Black economy: Combatting illicit tobacco
Importers of tobacco will be required to pay all duty and tax liabilities upon importation, applying from 2019-20. For tobacco products that are held in licensed warehouses at the commencement of the measure on 1 July 2019, transitional arrangements will apply. Current weekly settlement arrangements will no longer apply to imported tobacco.
Other measures to target the black economy include the formation from 1 July 2018 of an Illicit Tobacco Task Force to target illicit tobacco smuggling, and further funding will be provided to the ATO to bolster its capabilities to detect and destroy domestically grown illicit tobacco crops.
From 1 July 2019, permits will be required for all tobacco imports (except for tobacco imported by travellers within duty free limits).
The ATO will upgrade and modernise its excise and excise equivalent goods payment systems beginning 2020-21 to replace the outdated paper lodgment system.

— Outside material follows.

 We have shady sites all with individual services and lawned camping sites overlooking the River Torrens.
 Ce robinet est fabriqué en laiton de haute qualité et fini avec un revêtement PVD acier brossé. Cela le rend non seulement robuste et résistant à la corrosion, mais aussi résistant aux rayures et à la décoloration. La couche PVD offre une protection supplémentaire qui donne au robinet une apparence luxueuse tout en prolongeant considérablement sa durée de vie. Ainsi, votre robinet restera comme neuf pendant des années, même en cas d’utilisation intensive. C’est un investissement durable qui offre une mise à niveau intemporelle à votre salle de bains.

Black economy: Taxable payments reporting
The Government will expand the taxable payments reporting system (TPRS) from 2019-20 to three additional industries — security providers and investigation services, road freight transport, and computer system design and related services, check out this article that has tax defense network review for better understatement.
Under the TPRS, businesses are required to report payments to contractors to the ATO. Businesses will need to ensure that they collect information from 1 July 2019, with the first annual report required in August 2020. A new online form is expected to make the reporting process easier.

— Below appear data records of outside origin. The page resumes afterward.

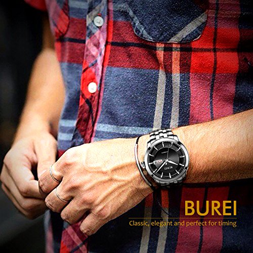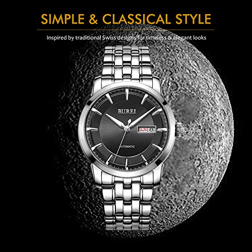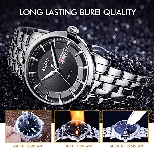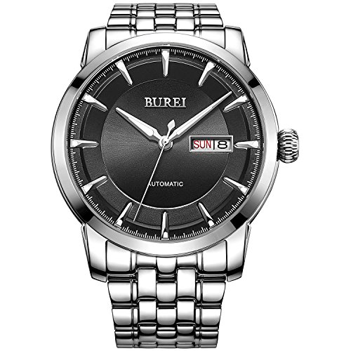 -. Title : BUREI Men's Black Automatic Dress Watch with Day Date and Stainless Steel Bracelet
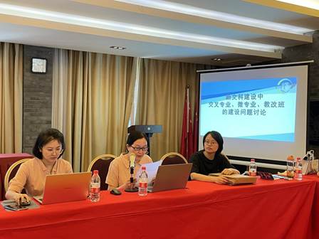 新文科建设中交叉专业、微专业、教改班的建设问题讨论环节,李海峰老师的发言对传统的纯文学语言课程内容进行了反思,以商务英语、经贸英语术语翻译为例指出交叉专业教材内容的全面性、时效性等值得改进,并提出了自己的学术研究新方向。黄雪蓉老师作了教改班情况汇报。设立2021级本科翻译卓越人才教改班“傅雷班”是学院新文科建设的新举措之一,旨在培养创新能力强、适应社会文化产业发展需求、具有较强口笔译高素质语言服务人才。此次通过选拔考试的方式,30名同学成功入选“傅雷班”,并已顺利完成了本学期学习计划。
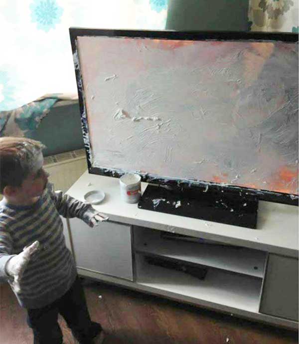 - इन जनाब को जब घर में और कोई काम ना मिला तो इन्होंने अपनी बोरियत मिटाने के लिए अच्छे खासे टीवी को रंग डाला.
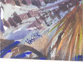 1Original Watercolor "Coconut Island" by Ann Vasiliki, a well-known painter, now retired. Framed approx. 35" x 39 1/2".
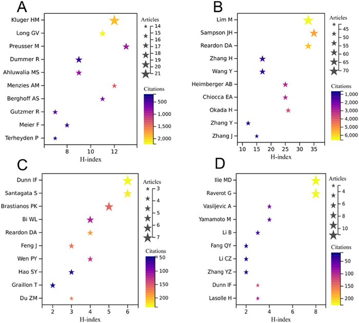Long was the most cited author (2216 citations) in the field of immunotherapy for brain metastasis, followed by Kluger (1927 citations) and Menzies (1346 citations). For glioma immunotherapy, three authors had been cited over 5000 times, with Lim being the most cited author (6583 citations), followed by Reardon (5805 citations) and Sampson (5338 citations). Dunn had the highest number of citations (234 citations) for meningioma immunotherapy, followed by Santagata (229 citations). The field of immunotherapy for pituitary adenoma was still in its infancy, and only three authors (Ilie, 226 citations; Raverot, 226 citations; Dunn, 126 citations) had been cited more than 100 times so far (Table S4). For the H-index score, the gaps between the top 10 productive authors in each area were insignificant. However, as widespread attention to glioma immunotherapy grew, the H-index scores of researchers were much higher than those of the researchers in the other three areas (Fig. 2). The network analysis of the co-researchers also revealed a worrying lack of collaboration at a global level, particularly in the immunotherapy of meningiomas and pituitary adenomas (Fig. S3 in Supporting information).

High profile individuals, for example sportspeople and actors, will from 2019-20 no longer be able to licence their fame or image to another entity such as a related company or trust. The Government notes that the licencing structure has created opportunities to take advantage of different tax treatments and that it facilitates misreporting and incorrect tax outcomes.
Tax compliance funding
The Government has set aside $130.8 million for the ATO to increase its compliance activities conducted towards taxpayers and their tax agents.

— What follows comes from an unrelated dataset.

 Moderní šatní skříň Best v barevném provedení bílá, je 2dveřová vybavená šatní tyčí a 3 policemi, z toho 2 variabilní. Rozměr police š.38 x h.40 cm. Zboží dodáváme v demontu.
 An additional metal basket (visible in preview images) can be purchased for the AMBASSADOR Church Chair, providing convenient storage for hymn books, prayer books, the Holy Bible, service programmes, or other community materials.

The funding, from 2018-19, is intended to provide the ATO with the resources needed to undertake new compliance activities, including additional audits and prosecutions, improving education and guidance materials, pre-filling of income tax returns and improving real time messaging to tax agents and individual taxpayers to deter over-claiming of entitlements.
It is expected that the increased compliance activities will generate revenue of $1.1 billion in fiscal balance terms over the forward estimates period.
Denial of deductions for vacant land
The Government will deny deductions for expenses associated with holding vacant land from 2019-20. Denied deductions will not be able to be carried forward for use in later income years.
This is an integrity measure to address concerns that deductions are being improperly claimed for expenses, such as interest costs, related to holding vacant land, where the land is not genuinely held for the purpose of earning assessable income.
Combatting illegal phoenix activity
The Government will introduce a package to deter and disrupt illegal phoenix activity. This measure follows on from the Black Economy taskforces. The package introduces new phoenix offences to target those who conduct or facilitate illegal phoenixing. It will prevent directors improperly backdating resignations to avoid liability or prosecution, limit the ability of directors to resign when this would leave the company with no directors, and restrict the ability of related creditors to vote on the appointment, removal or replacement of an external administrator.